↓↓↓

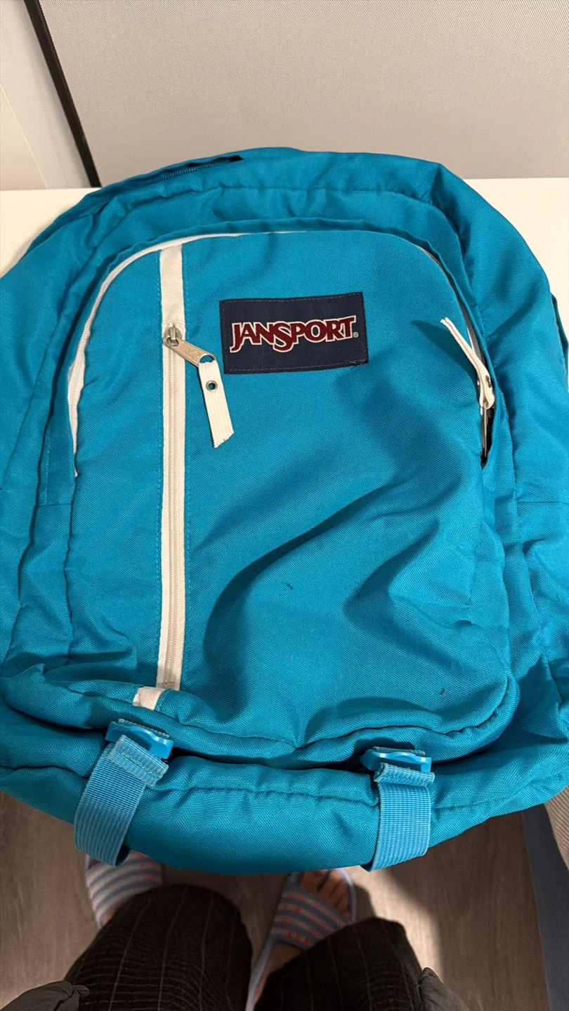 Selling a Jansport backpack in a vibrant turquoise colour! It's a classic and reliable backpack, perfect for school, work, or travel. It has some signs of wear, but still has plenty of life left
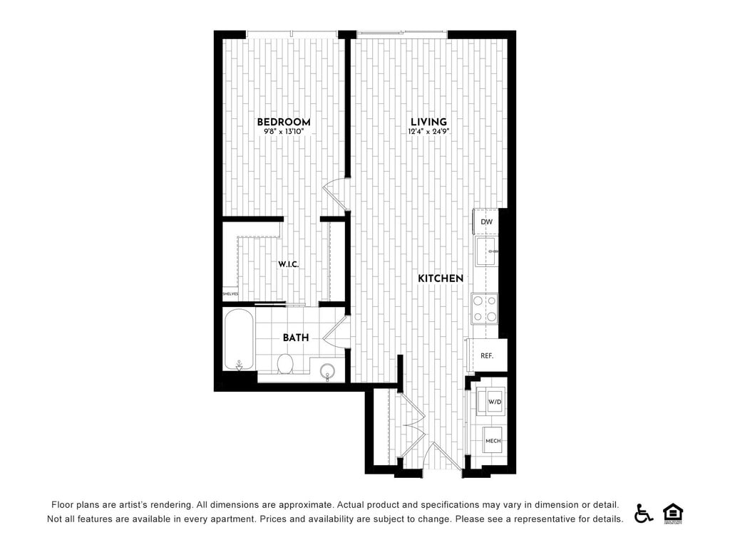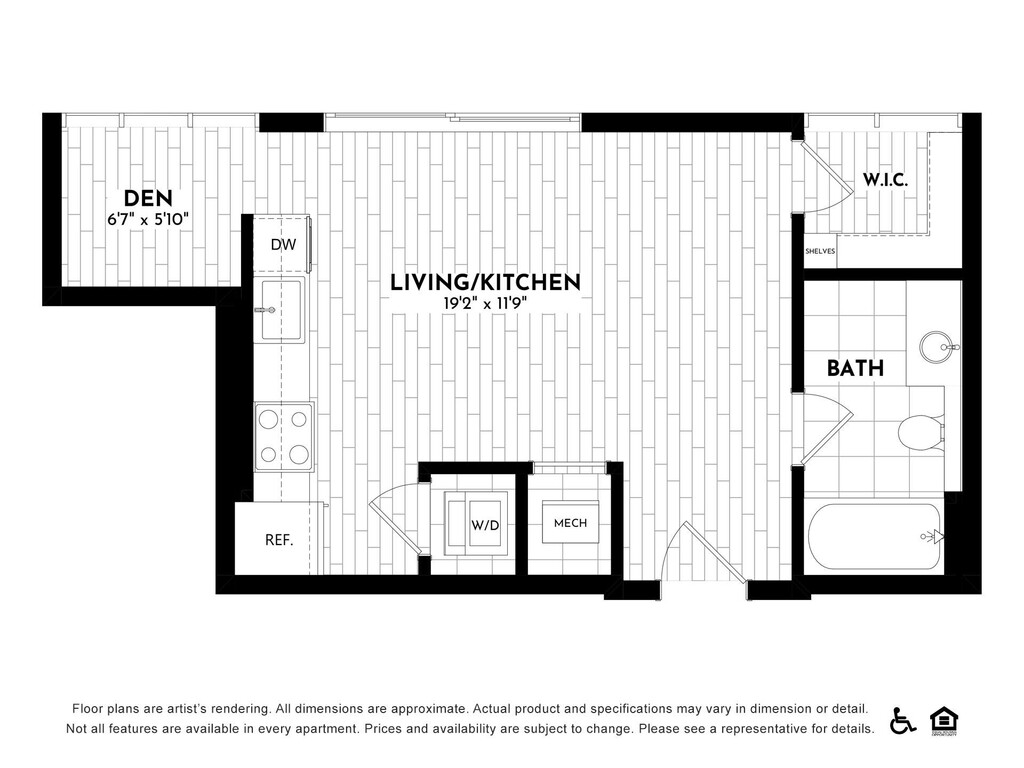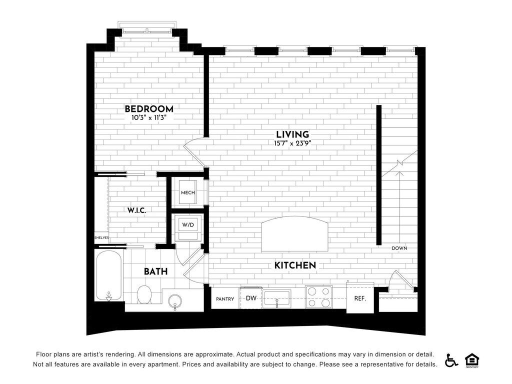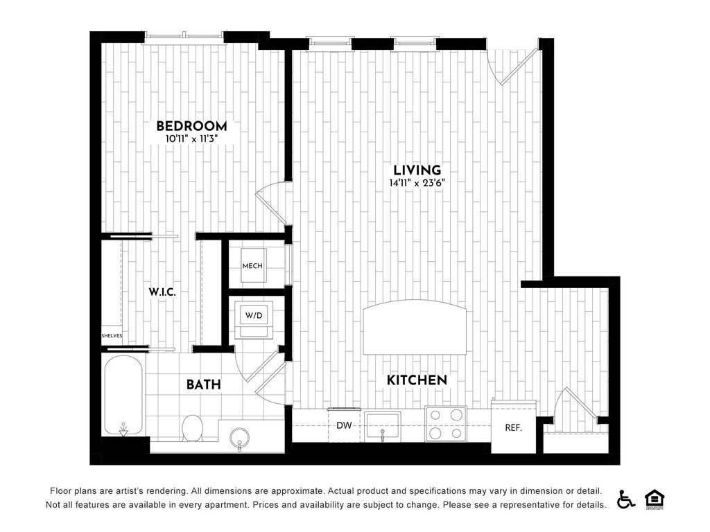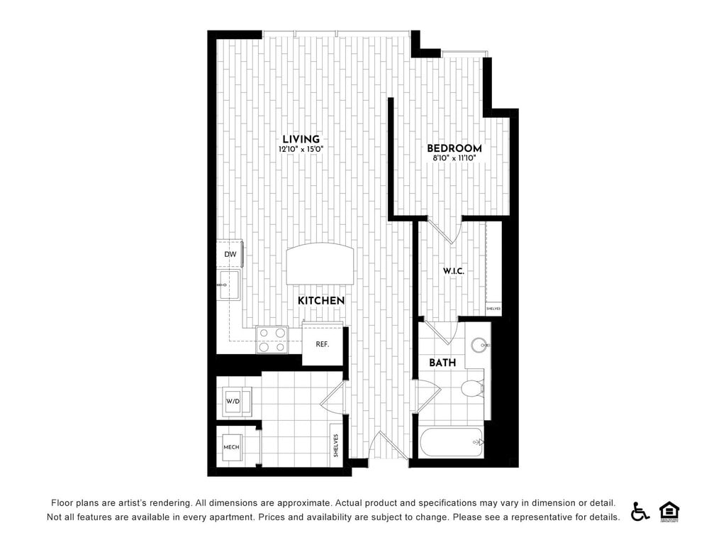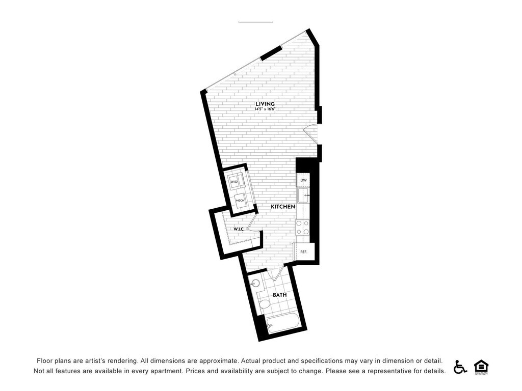 Modelo de apartamento: MossLlame para PreciosEstudio, 1 Baño, 653 sq ftNo Disponible- Los planos de la planta son una interpretación artística. Todas las dimensiones son aproximadas. Los tamaños o el detalle del producto real y sus especificaciones pueden variar. No todas las características están disponibles en todos los hogares para rentar. Los precios y la disponibilidad están sujetos a cambios. El alquiler que se muestra es mensual. Se pueden aplicar ciertos cargos, por ejemplo, entrega de paquetes, recolección de basura, agua, servicios, etc. Depositos varian. Consulta a un representante para conocer detalles. ![]() - Moss - Plano 1
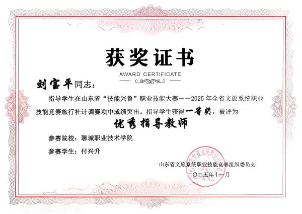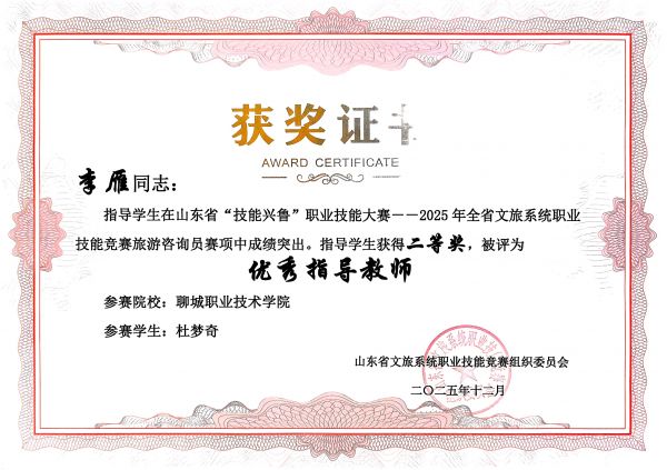 山東省“技能興魯”職業(yè)技能大賽—2025年全省文旅系統(tǒng)職業(yè)技能競賽民宿管家賽項優(yōu)秀指導老師
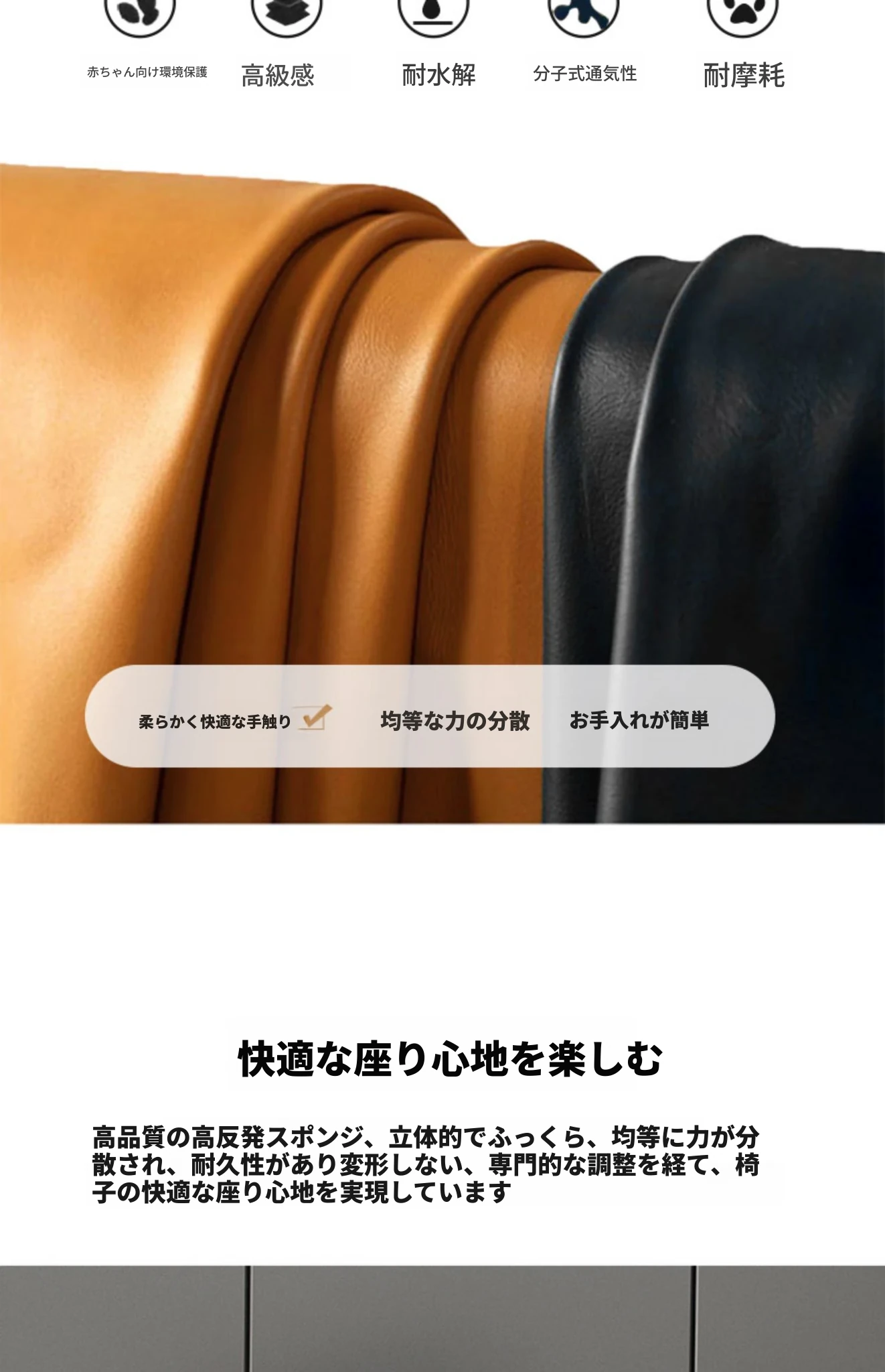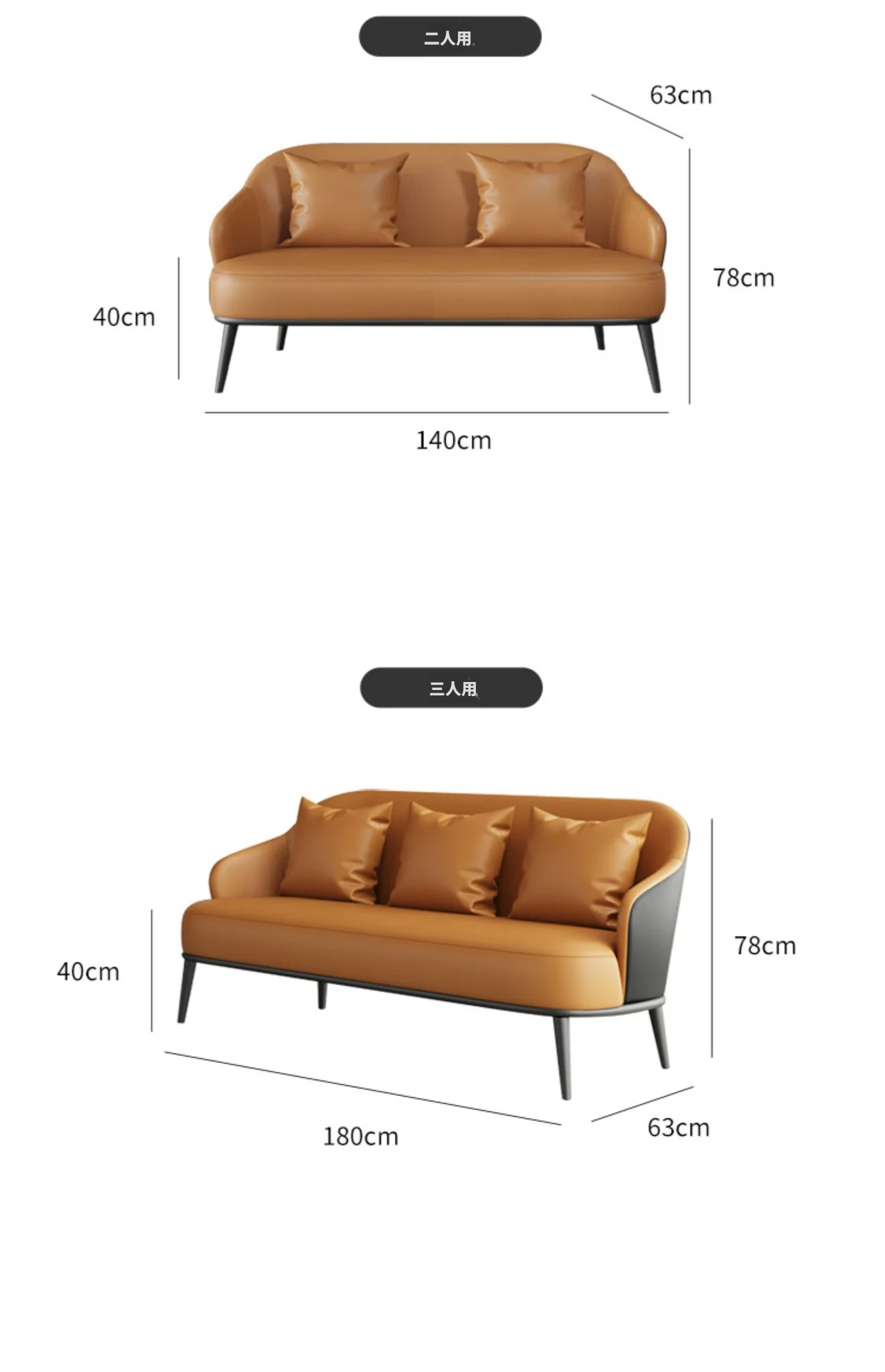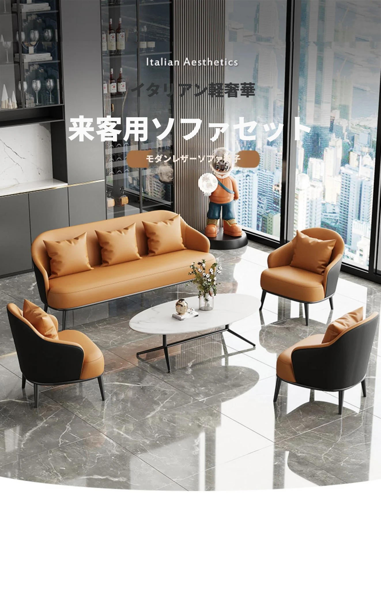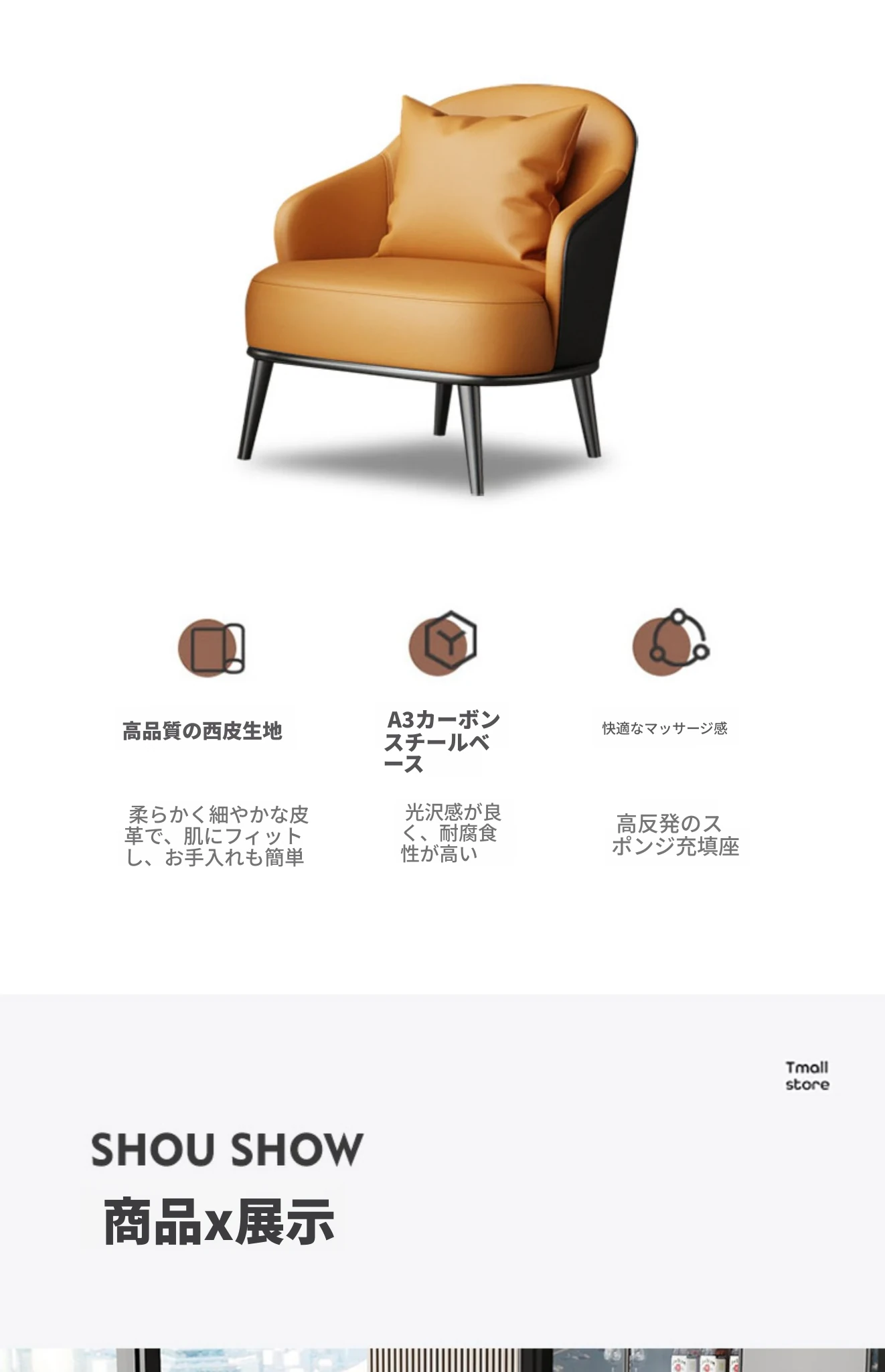 オレンジ+黒色/合成皮革/ホワイトアッシュ椅子脚

↑↑↑

- PROBLEM TO SOLVE
Print out the whole of the material word for word, without pictures.

- OUTPUT BELOW
 Selling a Jansport backpack in a vibrant turquoise colour! It's a classic and reliable backpack, perfect for school, work, or travel. It has some signs of wear, but still has plenty of life left
 Modelo de apartamento: MossLlame para PreciosEstudio, 1 Baño, 653 sq ftNo Disponible- Los planos de la planta son una interpretación artística. Todas las dimensiones son aproximadas. Los tamaños o el detalle del producto real y sus especificaciones pueden variar. No todas las características están disponibles en todos los hogares para rentar. Los precios y la disponibilidad están sujetos a cambios. El alquiler que se muestra es mensual. Se pueden aplicar ciertos cargos, por ejemplo, entrega de paquetes, recolección de basura, agua, servicios, etc. Depositos varian. Consulta a un representante para conocer detalles. ![]() - Moss - Plano 1
 山東省“技能興魯”職業(yè)技能大賽—2025年全省文旅系統(tǒng)職業(yè)技能競賽民宿管家賽項優(yōu)秀指導老師
 オレンジ+黒色/合成皮革/ホワイトアッシュ椅子脚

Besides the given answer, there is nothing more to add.